Der Gesetzgeber nehme mit dem GHG „beträchtliche Kollateralschäden in gut funktionierenden Bereichen der Gesundheitsversorgung in Kauf“, warnte die Vorstandsvorsitzende des AOK-Bundesverbandes, Carola Reimann.
Trotz vehementer Kritik an der fragwürdigen Evidenz der vorgesehenen Maßnahmen bleibe es bei dem Motto „Pillen statt Prävention“. Wenn das GHG in der vorliegenden Form verabschiedet wird, „so wäre damit das Aus für die von den gesetzlichen Krankenkassen finanzierten individuellen Gesundheitskurse besiegelt“.

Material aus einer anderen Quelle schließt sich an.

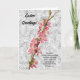 My original digital artwork is featured on this pretty Easter cad, consisting of a vintage grey toned pattern in the background with a Spring Flowering tree branch in front, showing new life. The Words 'Easter Greetings!' is on the front as well as bible Scripture from Romans 5:1. The inside states "Rejoice in the Lord and have a wonderful Easter celebration! Happy Easter!" for a nice and heartfelt greeting.

Stefan Willich, Direktor des Instituts für Sozialmedizin, Epidemiologie und Gesundheitsökonomie an der Charité - Universitätsmedizin Berlin, bewertete das GHG im Vorfeld der Bundestagsdebatte als „zu limitiert“. Er erwarte „wenig Effekte“. Eine bloße Hochrisikoprävention bringe weniger Nutzen als ein bevölkerungsbezogener Ansatz und Verhältnisprävention.